Hepatitis A is spread primarily through food or water that has been contaminated by stool from an infected person. Eating food prepared by someone with Hepatitis A who did not wash their hands after using the bathroom, or not washing your hands after changing a diaper, are possible means of transmission. Rarely, it can be spread through contact with infected blood. Those who are at most risk include international travelers, children in daycare and daycare workers, people living with someone infected with hepatitis, and users of illicit drugs. Hepatitis A usually causes a flu-like illness. There is no specific treatment for Hepatitis A since it typically resolves on its own in a few weeks and does not progress to become a chronic infection.
The Centers for Disease Control (CDC) recommends that all children between 12 and 23 months of age receive a vaccine to prevent Hepatitis A. Two injections are required, given at least 6 months apart. Adults who are at high risk for infection should also consider receiving the vaccine. Avoiding tap water when traveling internationally and practicing good hygiene and sanitation are other ways to avoid contracting hepatitis A.
Hepatitis B is usually spread when blood, semen, or another body fluid from a person infected with the virus enters the body of someone who is not infected. People most likely to get hepatitis B include those who live with or have sexual contact with an infected person, injection drug users, infants born to infected mothers, health care workers, hemodialysis patients, people who received a blood transfusion prior to 1987 (when better screening began), and international travelers. It can cause a flu-like illness or, on occasion, there may be no symptoms at all. A blood test is required to confirm that someone is infected with Hepatitis B. In adults, acute Hepatitis B is generally not treated with antiviral drugs because the disease usually gets better on its own within weeks to months. Infants born to infected mothers should receive hepatitis B immune globulin and the hepatitis B vaccine within 12 hours of birth to help prevent infection.

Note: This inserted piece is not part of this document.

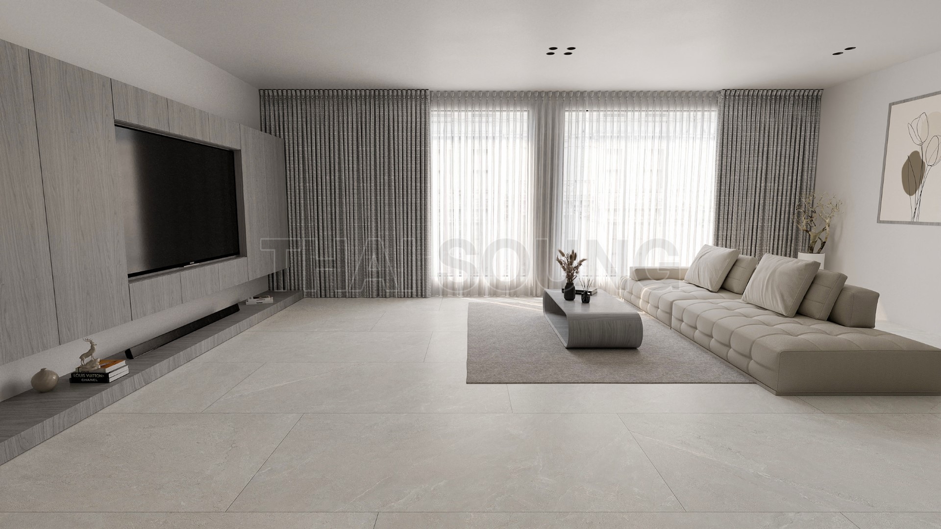 กระเบื้องลายหิน กระเบื้องสีเทา เหมาะกับการแต่งบ้านให้ดูโมเดิร์น เนื่องจากเป็นเฉดสีที่ทันสมัยและโทนสีกลาง สามารถเข้ากับของตกแต่งบ้าน และ เฟอร์นิเจอร์ได้ กระเบื้องแผ่นใหญ่ขนาด 90*180 เซนติเมตร ลดรอยต่อระหว่างแผ่นกระเบื้อง สร้างความเป็นพื้นที่เดียวกัน เหมาะสำหรับบ้านที่ มีพื้นที่กว้าง หรือสามารถนำไปตกแต่งเป็นผนัง feature wall ได้ กระเบื้องชนิดพอร์ซเลนมีการผ่านการเผาด้วยความร้อนสูง ผสมผงหินจริง แร่หิน และดินขาว ทำให้ค่าความดูดซึมน้ำต่ำและมีความแข็งแรงจึงสามารถใช้งานได้ทุกสถานที่เป็นกระเบื้องปูพื้นและปูผนัง ทั้งภายนอกและภายในบ้าน กระเบื้องผิวด้าน เหมาะกับการใช้งานดีไซน์โทนโมเดิร์น และการทำความสะอาดกระเบื้อง สามารถทำได้โดยง่าย กระเบื้องกันลื่นปานกลางชนิด R9 เหมาะกับการปูพื้นที่โซนแห้ง หรือ โซนที่ไม่ได้สัมผัสกับน้ำตลอดเวลา เช่น ห้องนอน ห้องนั่งเล่น ห้องครัว หรือ ห้องน้ำโซนแห้ง |

Hepatitis B can progress to become a chronic infection. The risk for chronic infection varies according to the age at infection and is greatest among young children. Approximately 90% of infected infants and 25%-50% of infected children aged 1-5 years will remain chronically infected with HBV. By contrast, approximately 95% of adults recover completely from HBV infection and do not become chronically infected. Chronic Hepatitis B can lead to scarring of the liver (cirrhosis), liver failure, or liver cancer. Drugs that are approved for the treatment of chronic hepatitis B include alpha interferon, which slows the replication of the virus in the body, and antiviral drugs such as entecavir and tenofovir. A vaccine to prevent Hepatitis B is available. The CDC recommends that all infants and unvaccinated children, adolescents, and at-risk adults should receive this vaccine. The rate of new HBV infections has declined by approximately 82% since 1991 thought to be primarily due to the routine vaccination of children.
Hepatitis C is spread primarily through contact with infected blood. Before 1992, when widespread screening of the blood supply began in the United States, Hepatitis C was commonly spread through blood transfusions and organ transplants. Hemodialysis patients and health care workers are also at higher risk of contracting Hepatitis C. Less commonly, it can spread through sexual contact and childbirth. Only 20-30% of people newly infected with Hepatitis C will develop characteristic hepatitis symptoms. The disease is more commonly detected via testing of asymptomatic people who are at high risk for infection. Hepatitis C is usually not treated unless it becomes chronic. It is estimated that 2.7-3.9 million people in the United States have chronic hepatitis C which can lead to the development of cirrhosis, liver failure, or liver cancer. Chronic Hepatitis C infection is the leading indication for liver transplants in the United States. Fortunately, treatment of chronic Hepatitis C is becoming more and more effective. There is no vaccine for Hepatitis C. The best way to prevent Hepatitis C is by avoiding behaviors that can spread the disease, especially injection drug use.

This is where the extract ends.